# Data segment:
Start of Block
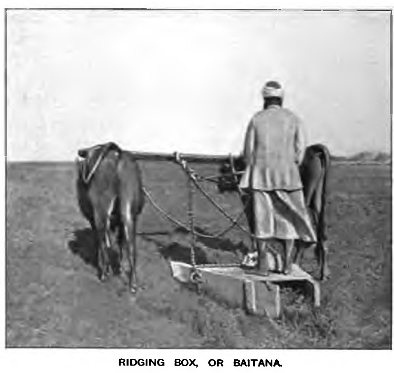 The preparation commences in January, and generally three ploughings are required to bring the land into a proper tilth. The more thorough the cultivation the better for the crop. The land is then thrown into ridges measuring from crest to crest three feet. Then a pair of ridges is drawn across the longitudinal ridges, the distance between each pair of ridges (which form a waterway) being twenty-two yards. Between these pairs—i.e. eleven yards distance from each—a single ridge is made. This acts as a partition to stop the water. Six ridges are irrigated by allowing the water to flow from these cross-waterways, and the reason for confining the length of the ridges to eleven yards is to ensure the evenness of the irrigation as to height of water level, as the ground may have slight fall, and if the whole length of the ridges were to be watered at once the water would rise too high at the lower parts before the higher levels were properly soaked.
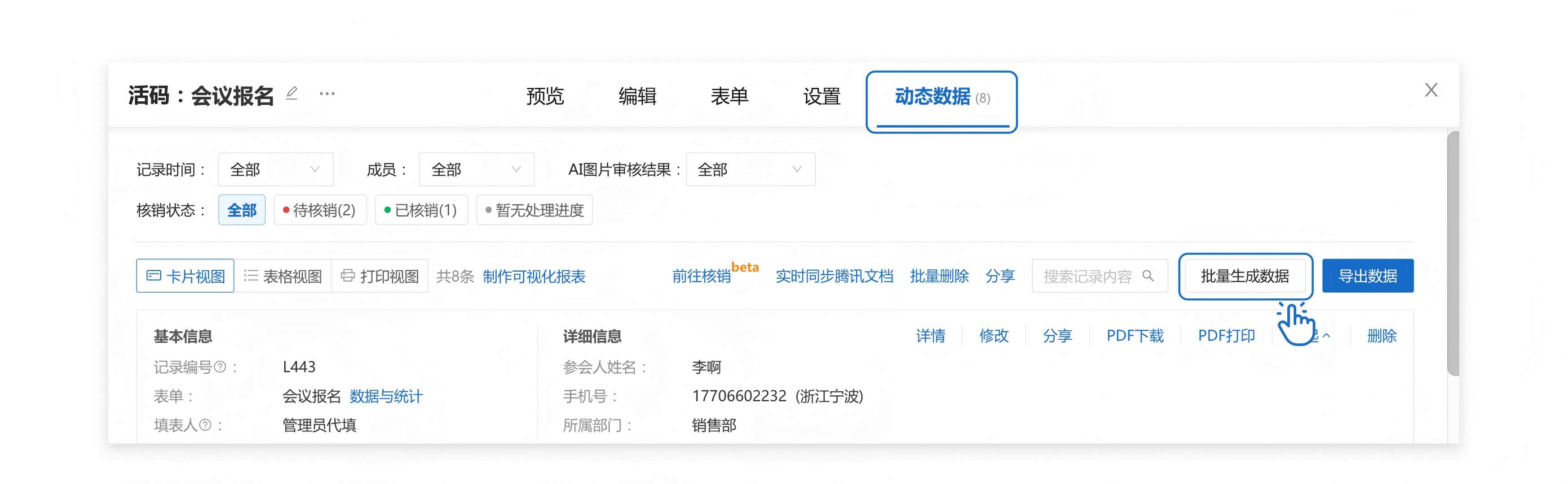 管理员批量导入数据、填写参会人的真实手机号,生成核销凭证
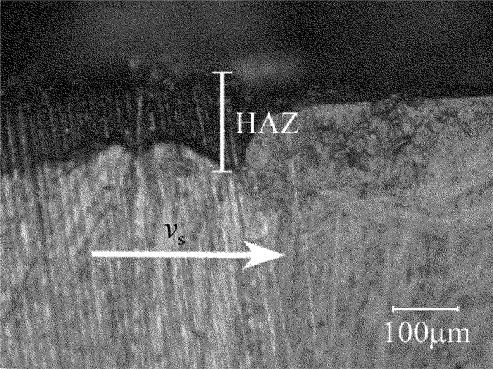 在激光功率為60W、重復頻率為0.4MHz、掃描速率為1m/s時,CFRP表面熱影響區如圖 4所示。從圖中可以看出,CFRP表層纖維的排布方式對熱影區有顯著影響,當掃描方向與表層纖維排布方向垂直時,熱影響區達70μm;當掃描方向與纖維排布方向一致時,材料表面幾乎沒有熱影區。主要是因為碳纖維的熱傳導率遠遠大于環氧樹脂的熱傳導率,未能達到CFRP燒蝕閾值處的脈沖能量沿著碳纖維方向傳播,所以當掃描方向與表層纖維排布方向一致時,沿著掃描方向傳播的能量與下一個脈沖能量共同用于去除CFRP材料,掃描深度也更大,對切縫兩側造成熱影響區較?。欢敀呙璺较蚺c表層纖維排布方向垂直時,能量沿著掃描垂直方向傳播,切縫兩側熱量累積,對CFRP造成熱損傷,導致嚴重的熱影響區。
End of Block
# Your objective:
Copy only what lies between the start of the listing above and the line containing "管理员批量导入数据、填写参会人的真实手机号,生成核销凭证", inclusive of both ends, exactly as written, and drop the pictures.

# Solution below:
 The preparation commences in January, and generally three ploughings are required to bring the land into a proper tilth. The more thorough the cultivation the better for the crop. The land is then thrown into ridges measuring from crest to crest three feet. Then a pair of ridges is drawn across the longitudinal ridges, the distance between each pair of ridges (which form a waterway) being twenty-two yards. Between these pairs—i.e. eleven yards distance from each—a single ridge is made. This acts as a partition to stop the water. Six ridges are irrigated by allowing the water to flow from these cross-waterways, and the reason for confining the length of the ridges to eleven yards is to ensure the evenness of the irrigation as to height of water level, as the ground may have slight fall, and if the whole length of the ridges were to be watered at once the water would rise too high at the lower parts before the higher levels were properly soaked.
 管理员批量导入数据、填写参会人的真实手机号,生成核销凭证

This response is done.